After a Dazzling Second Quarter, Amgen Develops Strategy to Deal With Upcoming Biosimilar Competition

Two Bay Area Diagnostic Companies Win Amgen's Golden Ticket

August 11, 2016
By Mark Terry, BioSpace.com Breaking News Staff

Thousand Oaks, California-based Amgen provided its second-quarter financial results on July 27, and the company is having a very good year so far, although there appears to be some dark clouds on the horizon. With competition in the near-future from biosimilars and generics, here’s a look at what the company appears to be doing to deal with the threat.

The second quarter revenues increased by 6 percent from the second quarter of 2015 to $5.7 billion. They were primarily driven by a 5 percent increase in Enbrel, Prolia, Kyprolis and Xgeva sales. Enbrel rose by 10 percent, Aranesp by 5 percent, Prolia by 30 percent, Sensipar/Mimpara by 13 percent, Xgeva by 15 percent, Epogen by 33 percent, Neupogen by 23 percent, and Kyprolis by a staggering 45 percent, and Blincyto by an even more impressive 76 percent.

The company updated its 2016 guidance, projecting total revenues of $22.5 to $22.8 billion, increased from $22.2 to $22.6 billion.

Much of the company’s success is related to sales of Enbrel, which accounts for about 25 percent of company revenue, and is expected to have $1.4 billion sales in the second quarter of this year. But that’s where the biggest threat is. Samsung Bioepis and Biogen launched a biosimilar to Enbrel, Benepali, in Europe in January 2015. Samsung Bioepis and Merck launched a biosimilar of Enbrel called Brenzys, in South Korea in September 2015.

Enbrel was developed by Amgen but licensed to Pfizer outside the U.S. Johnson & Johnson has a similar drug, Remicade, and it’s facing biosimilar competition in Europe from Hospira and Celltrion .

Although Amgen has indicated it feels its U.S. competition may be covered by its patent protection, a U.S. Food and Drug Administration (FDA) advisory committee has recommended a biosimilar of Enbrel manufactured by Novartis be approved for all reference indications.

So what is Amgen doing to fend off all this competition?

Amgen is collaborating with Allergan to develop and market four biosimilars of Avastin, Herceptin, Rituxan/Mabthera, and Erbitux.

The company has invested $12.7 billion in the last three years to develop its pipeline into oncology/hematology, cardiovascular disease, inflammation, bone health, nephrology and neuroscience.

In terms of current products and pipeline programs, the company is expecting data from a Phase III trial of Repatha on atherosclerotic disease in the second half of this year, and an event driven Phase III study of Repatha on cardiovascular outcomes is expected in the first quarter of 2017. That has the possibility of having a major effect. Although the drug has shown it can lower cholesterol, so far the connection to a decrease in heart attacks and strokes hasn’t been made, which has made it easier for payers to put off paying for the drug.

Amgen is also expecting data from a Phase III study of Kyprolis versus bortezomib in newly diagnosed, transplant ineligible multiple myeloma patients in the second half of this year.

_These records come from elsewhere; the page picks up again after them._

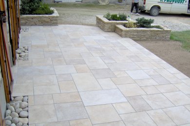 Réalisation d'un dallage et de jardinières en pierre naturelle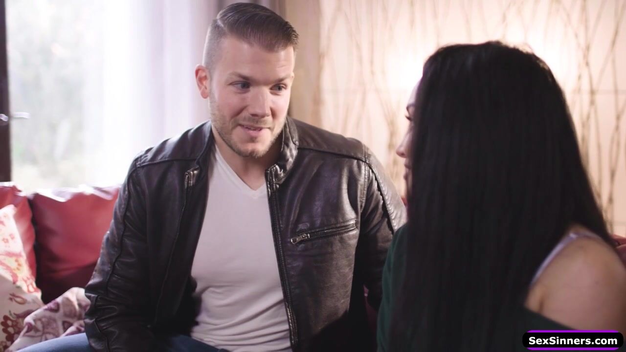 Small tits petite brunette and her guy friend give in to their sexual tension.He kiss the hottie and licks and fingers her pussy until she burst out a squirting orgasm.The tattooed babe deepthroats his big dick.She sets herself on his cock and rides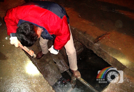 图片说明:图为古城社区干部正在检查堵塞管道,积极疏通。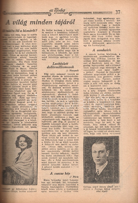 A tartalomból: Márai Sándor: Függöny -- Kodolányi János: A hegyen -- Tersánszky J. Jenő: Diogenes -- Róheim Géza: Szomáliakkal Adenban -- [Rozsnyai Kálmán] Sidney Carton: Isadora Duncan szerelmei -- Dánielné Lengyel Laura: Baskircsew Mária -- Elek Oszkár: Jeanne d'Arc. Orléans felszabadításának 500. évfordulójára -- Háy Gyula: A könyvillusztrálás művészete -- Sós Endre: Vaszary János pályája Nagybányától az expressionizmusig -- Feldmann Sándor: A degenerációról -- Lichtschein Lajos: Milyen találmányok vezették Marconit a rádió feltalálásához? -- A kor és a munka jogai. Válaszok egy életproblémára. -- Margittai László: Világszép kisasszony három kérője -- A Ficere család kalandjai (folytatásos képregény) -- Nyári ruhák és köpenyek kisleányoknak -- Ráér egy félórára? (rejtvényrovat) -- A világ minden tájáról (érdekességek, furcsaságok).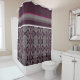 Presenta una elegancia completamente sofisticada en tu cuarto de baño con esta llamativa cortina de ducha. Un patrón geométrico intrincado y repitiendo en ciruela rica y diferentes tonos de gris domina la parte inferior, bellamente contrastada por bandas horizontales audaces de ciruela profunda, gris y una banda magenta vibrante en la parte superior. Este diseño moderno desprende una sensación de elegancia e intriga visual.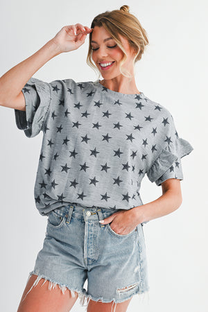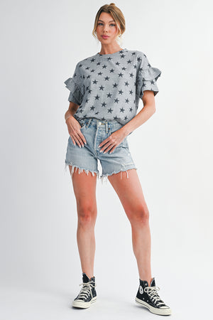 Heim Gray Star Print Tiered Ruffle Sleeve Crew Neck T Shirt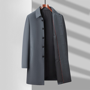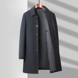 跨境大码风衣男士商务风衣大衣都市通勤过膝中长免烫质感风衣外套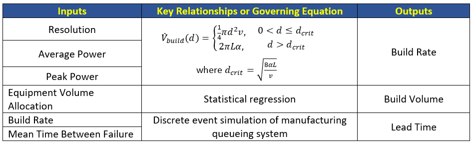 For this problem, we will focus on two figures of merit: (1) the ratio of build volume to overall manufacturing equipment volume, and (2) build rate [cm^3/hr]. Whereas the volume ratio will be determined using statistical regression techniques from available data about existing manufacturing equipment, the build rate will be computed from the fundamental physics of the manufacturing process (although it can also be validated with experimental results).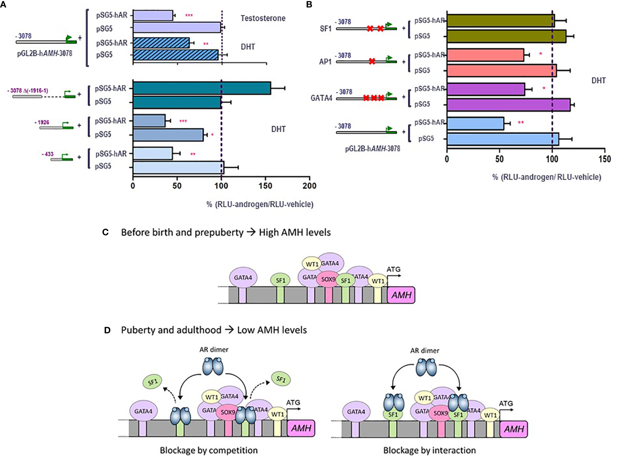 Molecular mechanisms involved in androgen-induced downregulation of AMH expression in Sertoli cells. A and B: luciferase assays in SMAT1 Sertoli cells transfected with a luciferase plasmid under control of the human AMH promoter (pGL2B-hAMH) of different lengths and co-transfected with an expression plasmid of the androgen receptor (pSG5-AR) or pSG5 devoid of the AR. Cells were exposed to testosterone or DHT 10-7 M, or vehicle, and results were expressed as relative luciferase units (RLU) comparing cells exposed to androgens and those exposed to vehicle (* p<0.05, ** p<0.01, *** p<0.001). A 100% level indicates the basal AMH promoter activity. Testosterone and DHT induce an inhibition of AMH promoter activity when the AR is present but not in its absence, when 433 to 3076 bp of the promoter are present but not when the proximal 1916-bp sequences are lacking (A). The inhibition induced by androgen persists even if the binding sites for AP1 or GATA4 are mutated, but not when SF1 sites are mutated (B). (C, D) schematic of androgen regulation of AMH expression. In fetal and postnatal periods before the onset of puberty, the lack of androgen action allows the AMH promoter activity induced by SOX9, SF1 and GATA4, resulting in high AMH production. During puberty and adulthood, the steroid-bound AR represses AMH promoter activity by competition or by interaction with SF1. Modified with permission from Edelsztein et al. (80) © 2018 The Authors and Edelsztein and Rey (18) © 2019 The Authors.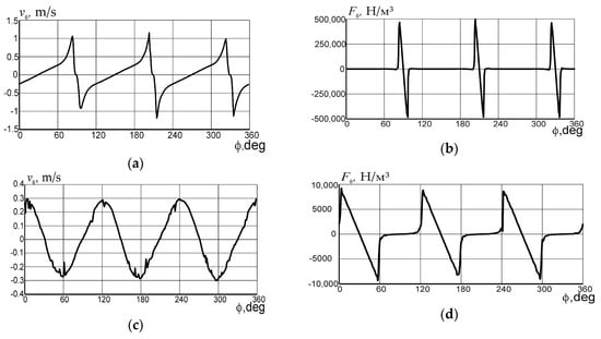 vφ reached 0.3 m/s near the lateral surfaces of the bottom electrodes (near coordinates 0°, 60°, 120°, 180°, 240°, 300°, and 360°). The flow divergence areas corresponded to coordinates 90°, 210°, 330°, and the flow convergence areas corresponded to coordinates 30°, 150°, 270°.

Last month, the company submitted a Biologics License Application for romosozumab to treat osteoporosis in postmenopausal women to the FDA. At the same time, primary data analysis was completed for a Phase III trial on the efficacy and safety of ABP 980 with transtuzumab in patients with human epidermal growth factor receptor 2-positive early breast cancer.

Amgen is currently trading for $172.38, having jumped 13 percent in July.

The Motley Fool notes, “Higher demand for key therapeutics and operating margin expansion tied to its extensive cost cuts propelled Amgen’s EPS higher. … Amgen has a strong late-stage pipeline that could still yield, including its biosimilar program, around a dozen new drug launches in the coming years. In other words, Amgen appears well on its way to sustained growth and operating margins in excess of 50 percent.”